There are a fairly large number of constraints, but the ones that are
most useful (for the Intel x86 processor) are the following:
====== ==========================================
*=* output constraint
*g* global (i.e., can be stored anywhere)
*m* in memory
*I* a constant
*a* use eax
*b* use ebx
*c* use ecx
*d* use edx
*S* use esi
*D* use edi
*r* use one of eax, ebx, ecx or edx
*q* use one of eax, ebx, ecx, edx, esi or edi
====== ==========================================
The full set of constraints is described in the gcc and *as*
documentation; note that it is possible to combine certain constraints
in one constraint string.
You specify the association of an output variable with an assembler operand
through the :samp:`%{n}` notation, where *n* is a non-negative
integer. Thus in
.. code-block:: ada
Asm ("pushfl" & LF & HT & -- push flags on stack
"popl %%eax" & LF & HT & -- load eax with flags
"movl %%eax, %0", -- store flags in variable
Outputs => Unsigned_32'Asm_Output ("=g", Flags));
`%0` will be replaced in the expanded code by the appropriate operand,
whatever
the compiler decided for the `Flags` variable.
In general, you may have any number of output variables:
* Count the operands starting at 0; thus `%0`, `%1`, etc.

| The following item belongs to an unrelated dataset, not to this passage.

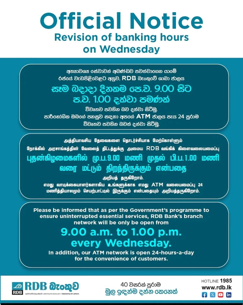 - විශේෂ නිවේදනය – බදාදා දින ගණුදෙණුකරන වේලාවන් සංශෝධය මාර්තු 24, 2026

* Specify the `Outputs` parameter as a parenthesized comma-separated list
of `Asm_Output` attributes
For example:
.. code-block:: ada
Asm ("movl %%eax, %0" & LF & HT &
"movl %%ebx, %1" & LF & HT &
"movl %%ecx, %2",
Outputs => (Unsigned_32'Asm_Output ("=g", Var_A), -- %0 = Var_A
Unsigned_32'Asm_Output ("=g", Var_B), -- %1 = Var_B
Unsigned_32'Asm_Output ("=g", Var_C))); -- %2 = Var_C
where `Var_A`, `Var_B`, and `Var_C` are variables
in the Ada program.
As a variation on the `Get_Flags` example, we can use the constraints
string to direct the compiler to store the eax register into the `Flags`
variable, instead of including the store instruction explicitly in the
`Asm` template string:
.. code-block:: ada
with Interfaces; use Interfaces;
with Ada.Text_IO; use Ada.Text_IO;
with System.Machine_Code; use System.Machine_Code;
procedure Get_Flags_2 is
Flags : Unsigned_32;
use ASCII;
begin
Asm ("pushfl" & LF & HT & -- push flags on stack
"popl %%eax", -- save flags in eax
Outputs => Unsigned_32'Asm_Output ("=a", Flags));
Put_Line ("Flags register:" & Flags'Img);
end Get_Flags_2;
The `"a"` constraint tells the compiler that the `Flags`
variable will come from the eax register. Here is the resulting code:
::
#APP
pushfl
popl %eax
#NO_APP
movl %eax,-40(%ebp)
The compiler generated the store of eax into Flags after
expanding the assembler code.
Actually, there was no need to pop the flags into the eax register;
more simply, we could just pop the flags directly into the program variable:
.. code-block:: ada
with Interfaces; use Interfaces;
with Ada.Text_IO; use Ada.Text_IO;
with System.Machine_Code; use System.Machine_Code;
procedure Get_Flags_3 is
Flags : Unsigned_32;
use ASCII;
begin
Asm ("pushfl" & LF & HT & -- push flags on stack
"pop %0", -- save flags in Flags
Outputs => Unsigned_32'Asm_Output ("=g", Flags));
Put_Line ("Flags register:" & Flags'Img);
end Get_Flags_3;
.. _Input_Variables_in_Inline_Assembler:
Input Variables in Inline Assembler
===================================
The example in this section illustrates how to specify the source operands
for assembly language statements.
The program simply increments its input value by 1:
.. code-block:: ada
with Interfaces; use Interfaces;
with Ada.Text_IO; use Ada.Text_IO;
with System.Machine_Code; use System.Machine_Code;
procedure Increment is
function Incr (Value : Unsigned_32) return Unsigned_32 is
Result : Unsigned_32;
begin
Asm ("incl %0",
Outputs => Unsigned_32'Asm_Output ("=a", Result),
Inputs => Unsigned_32'Asm_Input ("a", Value));
return Result;
end Incr;
Value : Unsigned_32;
begin
Value := 5;
Put_Line ("Value before is" & Value'Img);
Value := Incr (Value);
Put_Line ("Value after is" & Value'Img);
end Increment;
The `Outputs` parameter to `Asm` specifies
that the result will be in the eax register and that it is to be stored
in the `Result` variable.
The `Inputs` parameter looks much like the `Outputs` parameter,
but with an `Asm_Input` attribute.
The `"="` constraint, indicating an output value, is not present.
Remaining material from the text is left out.